Re: [PATCH v2] memcg: allow exiting tasks to write back data to swap

From: Rik van Riel
Date: Thu Dec 12 2024 - 15:01:02 EST


On Thu, 12 Dec 2024 18:31:57 +0000
Roman Gushchin <roman.gushchin@xxxxxxxxx> wrote:

> Is it about a single task or groups of tasks or the entire cgroup?
> If former, why it's a problem? A tight memcg limit can slow things down
> in general and I don't see why we should treat the exit() path differently.
>
I think the exit path does need to be treated a little differently,
since this exit may be the only way such a cgroup can free up memory.

> If it's about the entire cgroup and we have essentially a deadlock,
> I feel like we need to look into the oom reaper side.

You mean something like the below?

I have not tested it yet, because we don't have any stuck
cgroups right now among the workloads that I'm monitoring.

---8<---

From c0e545fd45bd3ee24cd79b3d3e9b375e968ef460 Mon Sep 17 00:00:00 2001
From: Rik van Riel <riel@xxxxxxxxxxx>
Date: Thu, 12 Dec 2024 14:50:49 -0500
Subject: [PATCH] memcg,oom: speed up reclaim for exiting tasks

When a memcg reaches its memory limit, and reclaim becomes unavailable
or slow for some reason, for example only zswap is available, but zswap
writeback is disabled, it can take a long time for tasks to exit, and
for the cgroup to get back to normal (or cleaned up).

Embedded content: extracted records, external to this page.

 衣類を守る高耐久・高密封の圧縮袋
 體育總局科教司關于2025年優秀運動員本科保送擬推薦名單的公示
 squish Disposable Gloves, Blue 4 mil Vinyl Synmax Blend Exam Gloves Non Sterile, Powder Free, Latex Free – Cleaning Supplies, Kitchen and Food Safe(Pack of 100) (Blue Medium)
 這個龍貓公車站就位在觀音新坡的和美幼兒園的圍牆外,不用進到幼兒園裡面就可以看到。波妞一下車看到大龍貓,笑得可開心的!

Speed up memcg reclaim for exiting tasks by limiting how much work
reclaim does, and by invoking the OOM reaper if reclaim does not
free up enough memory to allow the task to make progress.

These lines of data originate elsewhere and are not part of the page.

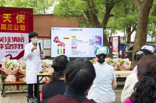 5月12日,在第111个国际护士节当天,中建三局三公司联合武汉市第三医院开展“‘汉’卫生命、携你同行”主题活动,走进社区,为社区居民、工友讲解医疗急救、防疫知识并开展义诊活动,为他们办力所能及的实事。
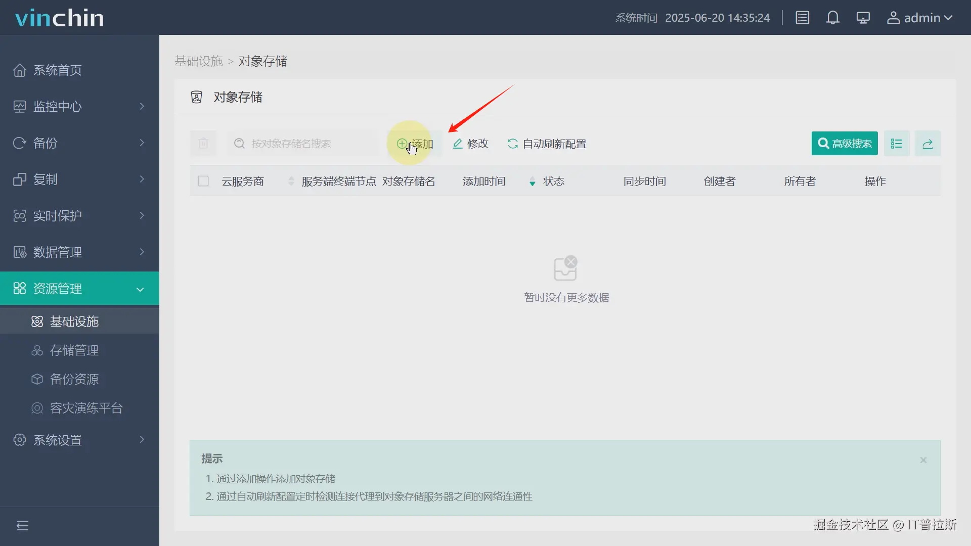 依次点击资源管理、基础设施、对象存储,如图1。
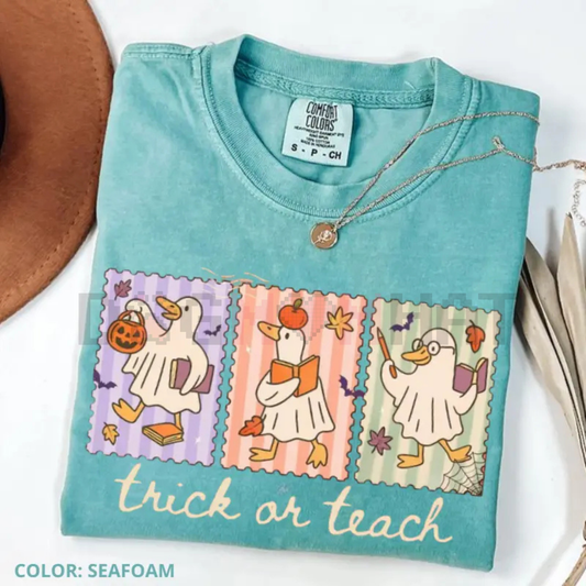 Funny Teacher Goose Halloween Comfort Colors Shirt – "Trick or Teach" Cute Ghost Tee, Elementary Teacher Humor Gift, Unisex
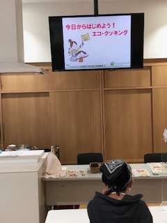 いよいよエコクッキングが始まります。まず、担当の方の説明を聞きます。
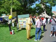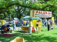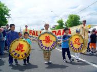 | 小弟子手持“真善忍”走在游行队伍的最前面 | 扇子舞和红绸舞表演 | 法轮大法的展示摊位 |

Signed-off-by: Rik van Riel <riel@xxxxxxxxxxx>
---
include/linux/oom.h | 8 ++++++++
mm/memcontrol.c | 11 +++++++++++
mm/oom_kill.c | 6 +-----
3 files changed, 20 insertions(+), 5 deletions(-)

diff --git a/include/linux/oom.h b/include/linux/oom.h
index 1e0fc6931ce9..b2d9cf936664 100644
--- a/include/linux/oom.h
+++ b/include/linux/oom.h
@@ -111,4 +111,12 @@ extern void oom_killer_enable(void);

extern struct task_struct *find_lock_task_mm(struct task_struct *p);

+#ifdef CONFIG_MMU
+extern void queue_oom_reaper(struct task_struct *tsk);
+#else
+static intern void queue_oom_reaper(struct task_struct *tsk)
+{
+}
+#endif
+
#endif /* _INCLUDE_LINUX_OOM_H */
diff --git a/mm/memcontrol.c b/mm/memcontrol.c
index 7b3503d12aaf..21f42758d430 100644
--- a/mm/memcontrol.c
+++ b/mm/memcontrol.c
@@ -2231,6 +2231,9 @@ int try_charge_memcg(struct mem_cgroup *memcg, gfp_t gfp_mask,
if (!gfpflags_allow_blocking(gfp_mask))
goto nomem;

+ if (unlikely(current->flags & PF_EXITING))
+ gfp_mask |= __GFP_NORETRY;
+
memcg_memory_event(mem_over_limit, MEMCG_MAX);
raised_max_event = true;

@@ -2284,6 +2287,14 @@ int try_charge_memcg(struct mem_cgroup *memcg, gfp_t gfp_mask,
goto retry;
}
nomem:
+ /*
+ * We ran out of memory while inside exit. Maybe the OOM
+ * reaper can help reduce cgroup memory use and get things
+ * moving again?
+ */
+ if (unlikely(current->flags & PF_EXITING))
+ queue_oom_reaper(current);
+
/*
* Memcg doesn't have a dedicated reserve for atomic
* allocations. But like the global atomic pool, we need to
diff --git a/mm/oom_kill.c b/mm/oom_kill.c
index 1c485beb0b93..8d5278e45c63 100644
--- a/mm/oom_kill.c
+++ b/mm/oom_kill.c
@@ -686,7 +686,7 @@ static void wake_oom_reaper(struct timer_list *timer)
* before the exit path is able to wake the futex waiters.
*/
#define OOM_REAPER_DELAY (2*HZ)
-static void queue_oom_reaper(struct task_struct *tsk)
+void queue_oom_reaper(struct task_struct *tsk)
{
/* mm is already queued? */
if (test_and_set_bit(MMF_OOM_REAP_QUEUED, &tsk->signal->oom_mm->flags))
@@ -735,10 +735,6 @@ static int __init oom_init(void)
return 0;
}
subsys_initcall(oom_init)
-#else
-static inline void queue_oom_reaper(struct task_struct *tsk)
-{
-}
#endif /* CONFIG_MMU */

/**
--
2.47.0